ABOUT THIS TASK >> Return exactly the lines from the "at the corners." line through the last line of the entries below. Include no pictures.

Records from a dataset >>
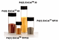 Pd(II) EnCat™ covers a versatile range of immobilized palladium acetate catalysts with or without activating ligands contained in a robust, porous polyurea matrix which allow easier, faster and cleaner reaction processes to be developed. The recyclable catalysts have demonstrated superb activity in cross-couplings, Heck couplings, and carbonylations.
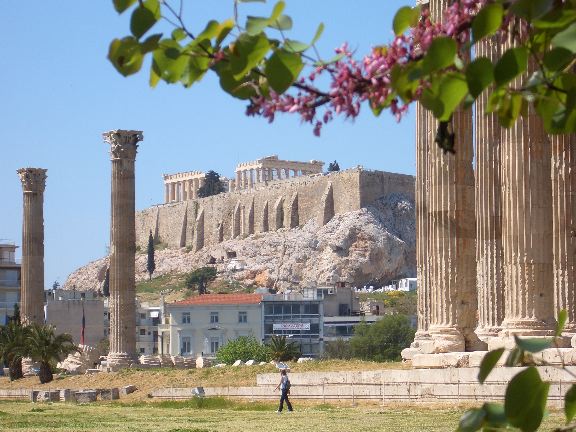 Parthenon and acropolis from Temple of Olympian Zeus, Athens
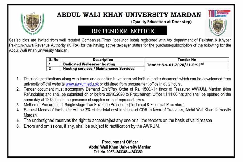 Re-Tender Notice For " Dedicated Web server Hosting and Maintenance Services"
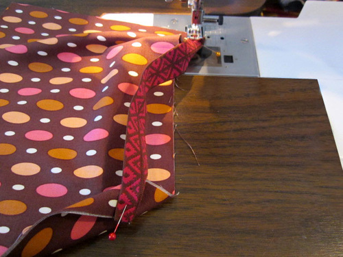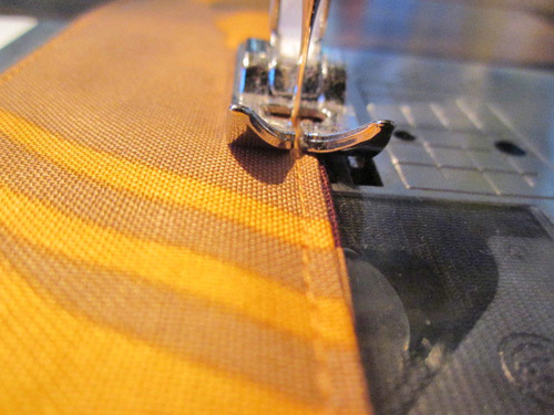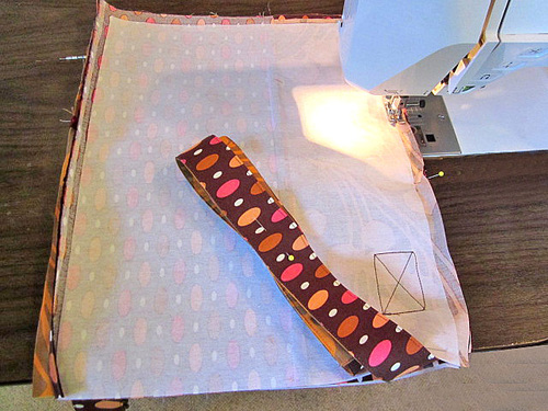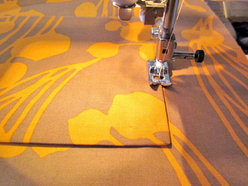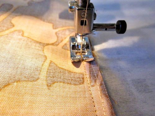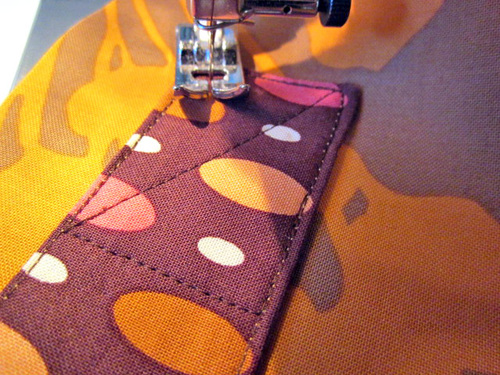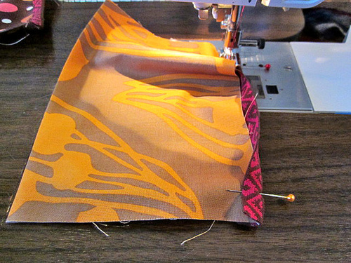 - Using a ½” seam allowance, stitch along both sides and across the bottom, pivoting at the corners.
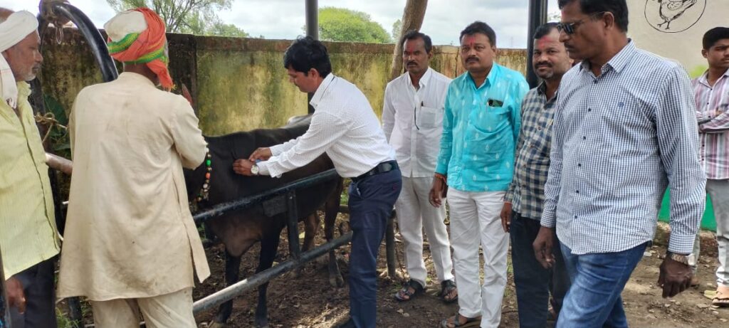 केज तालुक्यातील साळेगांव येथे गोवंशीय पशुंना ग्रामपंचायतच्या वतीने मोफत लम्पी स्किन आजराची प्रतिबंधक लस देण्यात आली.
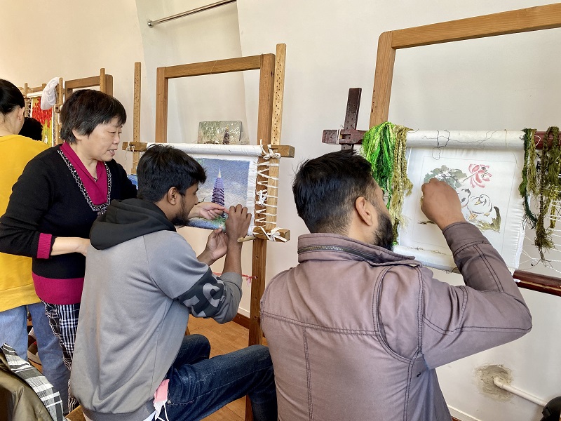 乱针绣是“常州三宝”之一,是我国国家级非物质文化遗产,常州乱针绣绣法自成一格,被誉为当今中国第五大名绣。在常州狄静乱针绣工作室,留学生代表们聆听了乱针绣的传承故事,亲手体验了指尖上的民间艺术,在穿针引线中领略乱针绣的魅力,深切感受到了中国传统文化的博大精深。来自也门的留学生高飞兴奋地说道:“第一眼看到乱针绣,我以为是油画,没想是用针和线绣出来的,我被震撼到了,他们的手法是如此的高超。”

THE ANSWER >>
 - Using a ½” seam allowance, stitch along both sides and across the bottom, pivoting at the corners.
 केज तालुक्यातील साळेगांव येथे गोवंशीय पशुंना ग्रामपंचायतच्या वतीने मोफत लम्पी स्किन आजराची प्रतिबंधक लस देण्यात आली.
 乱针绣是“常州三宝”之一,是我国国家级非物质文化遗产,常州乱针绣绣法自成一格,被誉为当今中国第五大名绣。在常州狄静乱针绣工作室,留学生代表们聆听了乱针绣的传承故事,亲手体验了指尖上的民间艺术,在穿针引线中领略乱针绣的魅力,深切感受到了中国传统文化的博大精深。来自也门的留学生高飞兴奋地说道:“第一眼看到乱针绣,我以为是油画,没想是用针和线绣出来的,我被震撼到了,他们的手法是如此的高超。”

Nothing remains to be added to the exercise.